Citrix waarschuwt voor misbruik van een onlangs onthulde kritieke beveiligingsfout in NetScaler ADC- en Gateway-appliances, die zou kunnen resulteren in het blootleggen van gevoelige informatie.
Bijgehouden als CVE-2023-4966 (CVSS-score: 9,4), heeft de kwetsbaarheid gevolgen voor de volgende ondersteunde versies –
- NetScaler ADC en NetScaler Gateway 14.1 vóór 14.1-8.50
- NetScaler ADC en NetScaler Gateway 13.1 vóór 13.1-49.15
- NetScaler ADC en NetScaler Gateway 13.0 vóór 13.0-92.19
- NetScaler ADC en NetScaler Gateway 12.1 (momenteel einde levensduur)

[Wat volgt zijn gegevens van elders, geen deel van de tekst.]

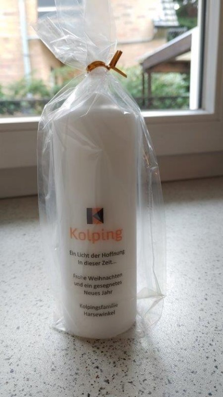 Da wir im Laufe des Jahres fast alle geplanten Veranstaltungen absagen mussten und auch als Zeichen der Verbundenheit mit unseren Kolpingschwestern und / -Brüdern, haben wir uns für eine eigens entwickelte Kolpingkerze entschieden. Sie soll uns in dieser Zeit der Pandemie begleiten – ein Licht sein – auch in der Adventszeit, zu Weihnachten und im neuen Jahr.

- NetScaler ADC 13.1-FIPS vóór 13.1-37.164
- NetScaler ADC 12.1-FIPS vóór 12.1-55.300, en
- NetScaler ADC 12.1-NDcPP vóór 12.1-55.300
Om misbruik mogelijk te maken, moet het apparaat echter worden geconfigureerd als een gateway (virtuele VPN-server, ICA-proxy, CVPN, RDP-proxy) of virtuele autorisatie- en boekhoudserver (AAA).
Hoewel er op 10 oktober 2023 patches voor de fout zijn uitgebracht, heeft Citrix het advies nu herzien en opgemerkt dat er “exploits van CVE-2023-4966 op niet-verzachte apparaten zijn waargenomen.”
Mandiant, eigendom van Google, zei in zijn eigen waarschuwing die dinsdag werd gepubliceerd dat het een zero-day-exploitatie van de kwetsbaarheid in het wild heeft geïdentificeerd, beginnend eind augustus 2023.
“Succesvolle exploitatie zou kunnen resulteren in de mogelijkheid om bestaande geauthenticeerde sessies te kapen, waardoor multi-factor authenticatie of andere sterke authenticatievereisten worden omzeild”, aldus het bedrijf voor bedreigingsinformatie.
“Deze sessies kunnen blijven bestaan nadat de update om CVE-2023-4966 te beperken is geïmplementeerd.”
Mandiant zei ook dat het sessiekaping detecteerde waarbij sessiegegevens werden gestolen vóór de patch-implementatie en vervolgens werden gebruikt door een niet-gespecificeerde bedreigingsacteur.
“De geauthenticeerde sessie-kaping zou dan kunnen resulteren in verdere downstream-toegang op basis van de machtigingen en de reikwijdte van de toegang die de identiteit of sessie was toegestaan”, voegde het er verder aan toe.
“Een bedreigingsacteur zou deze methode kunnen gebruiken om extra inloggegevens te verzamelen, lateraal te draaien en toegang te krijgen tot extra bronnen binnen een omgeving.”
De dreigingsactor achter de aanvallen is nog niet vastgesteld, maar de campagne zou zich hebben gericht op professionele diensten, technologie en overheidsorganisaties.
In het licht van actief misbruik van de fout en nu Citrix-bugs een bliksemafleider worden voor bedreigingsactoren, is het absoluut noodzakelijk dat gebruikers snel actie ondernemen om hun instances bij te werken naar de nieuwste versie om potentiële bedreigingen te beperken.
“Organisaties moeten meer doen dan alleen de patch toepassen – ze moeten ook alle actieve sessies beëindigen”, zegt Charles Carmakal, CTO van Mandiant. “Hoewel dit geen kwetsbaarheid is voor het uitvoeren van externe code, geeft u alstublieft prioriteit aan de implementatie van deze patch, gezien de actieve exploitatie en de kritiekheid van de kwetsbaarheid.”